At dinner that afternoon – the Queen now having retired – a gentleman came in bearing a rod, and another carried a tablecloth and spread this upon the table with great veneration and then retreated. Two others followed, one again with a rod, the other with a salt-cellar and plate and bread. Then ‘a beautiful young lady (a countess) and another older woman’ came with a tasting fork and rubbed the plates with bread and salt with ‘as much reverence as if the Queen were there’. Then the Yeomen of the Guard came in, a hundred of the biggest men in England, bearing in at each turn a course of twenty-four dishes, served on silver-gilt. These were received by one of the first gentlemen and put on the table, where ‘a Lady tastes a mouthful of each dish that be brought, for fear of poison.
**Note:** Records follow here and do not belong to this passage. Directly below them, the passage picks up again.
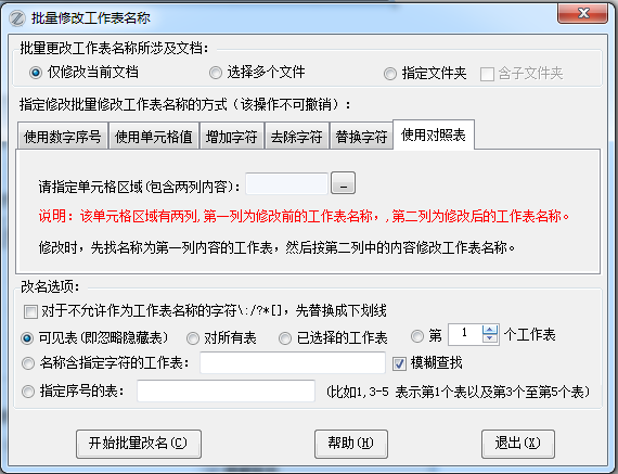 (2)增加了需改名工作表的选择,更加方便只对特定工作表改名。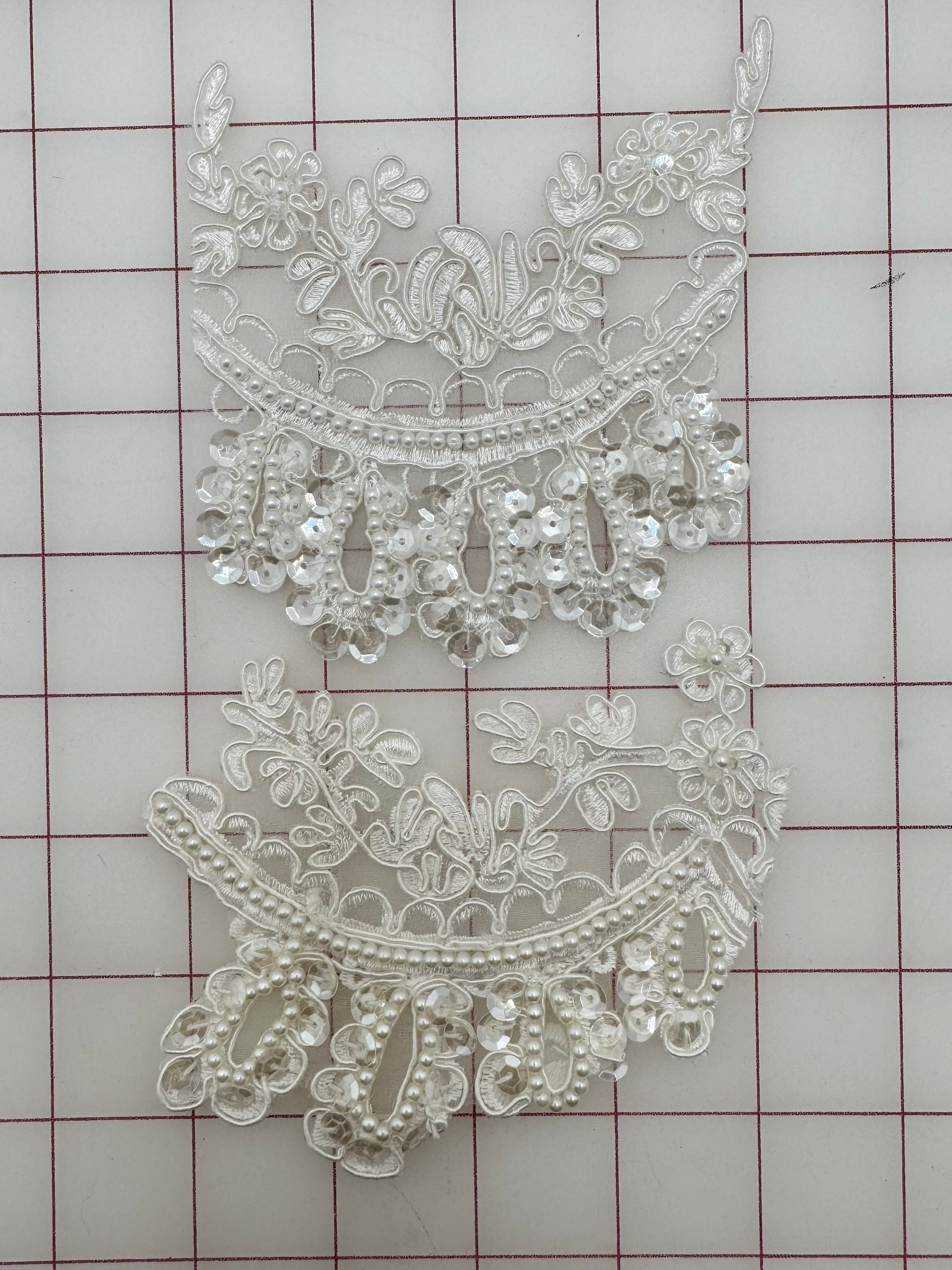 Priced per 2-pieces. Vintage white lace applique. Dye-able. Picture does not do it justice!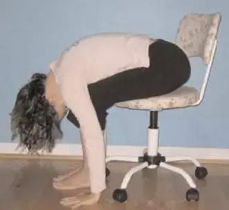 (2)坐姿体前屈:坐于椅上,身体前倾,使胸部、腹部贴向大腿,双手撑地,头部放松,保持30~60,可重复3~5次。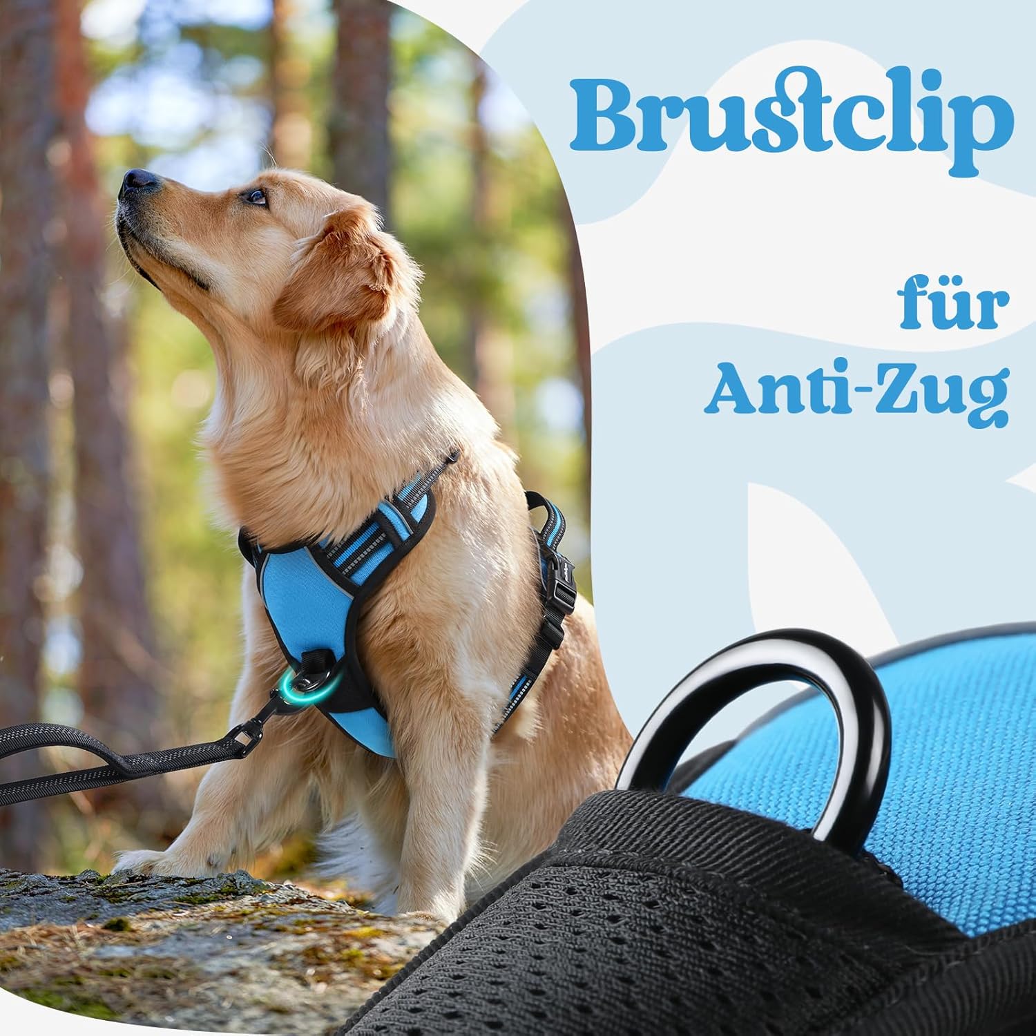 Кучешки нагръдник rabbitgoo за средни кучета, регулируем нагръдник без дърпане и задавяне, нагръдник против дърпане с дръжка, мек подплатен светлоотразителен нагръдник, светлосин, M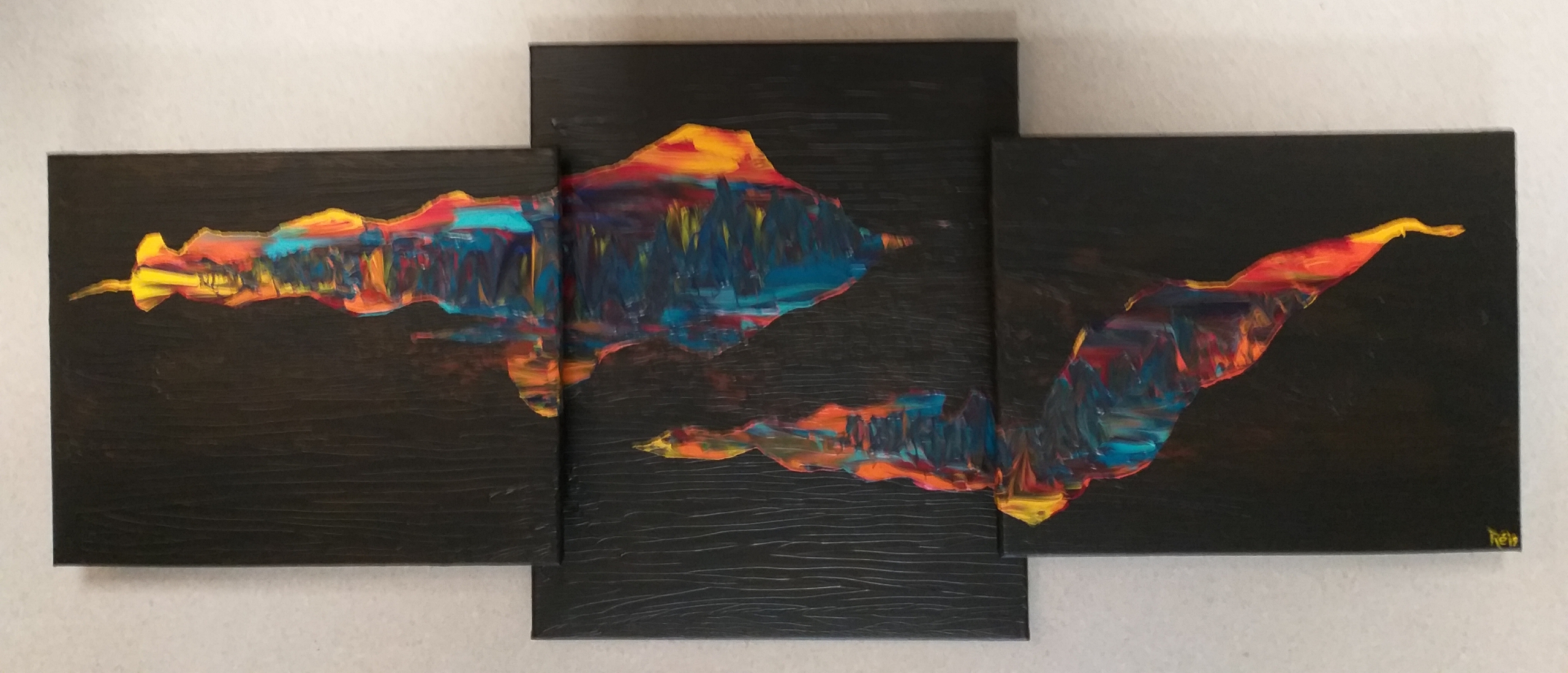 Verborgen landschap meer diepte zonnekracht strak noordelicht of ...., gemaakt uit 3 doeken 1 wat grote op de achtergrond met 2 kleinere doeken zwevend ervoor, ondergronden grof de verf erop uitgerold de vormen eerst al plakkend vorm trachten te geven met verloop van ene naar andere doek. Zo wordt voor mij in ene geheel weer anders! En ja mijn rest verf geeft steeds andere vormen nu misschien 2 eilanden.....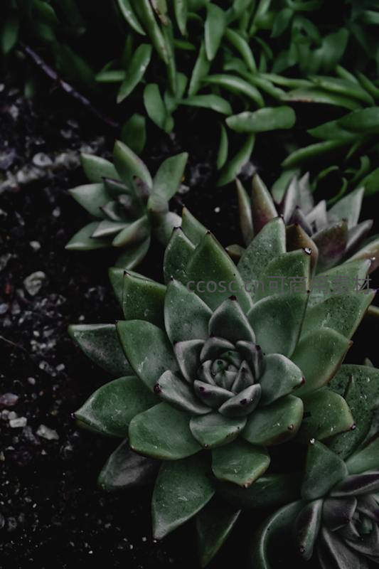 在深色土壤和背景的衬托下,一株绿色多肉植物的叶片层次分明,边缘略带暗色,展现出自然生长的原始美感与质感。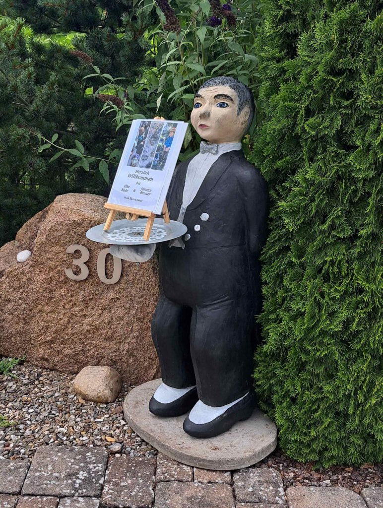 Wir sind ein kreatives Paar und verbringen unser Rentnerdasein mit gestalten von Betonfiguren, vom Butler ( ca 130 cm), Alpaca auf dem man sitzen kann( ca 120 cm), Erdmännchen kleine Kühe oder Figuren aus Altglaskörper. Elkes 2. Leidenschaft ist das malen. So entstehen Bilder aus acryl, aquarell oder multi media mixed. Ihre größten Werke gängen in der Stankt Petry Kirche in Hötzum ( Sickte).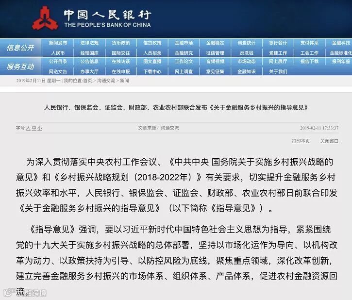 人民银行、银保监会、证监会、财政部、农业农村部联合发布《关于金融服务乡村振兴的指导意见》

During all this, twelve trumpets and two kettledrums make the hall ring for half an hour’. At the end of this a number of the Ladies in Waiting appeared to convey the food to the Queen’s inner chamber for her to make her choice. The rest of the food went to the ladies of the court. ‘The Queen dines alone with very few attendants.’
Round the Queen at this time, among her counsellors, an unusual and unexpected harmony prevailed, particularly with regard to England’s foreign policy. Burghley and his second son, Robert Cecil – recently created Secretary of State – though seeing peace with Spain as their ultimate objective, sided for once with the two fire-eaters: Essex, soon to be Earl Marshal of England, and Ralegh, just restored to his old post as Captain of the Queen’s guard. The latter two wanted to defeat Spain; the first two thought that one more blow now would bring an ultimate reconciliation nearer.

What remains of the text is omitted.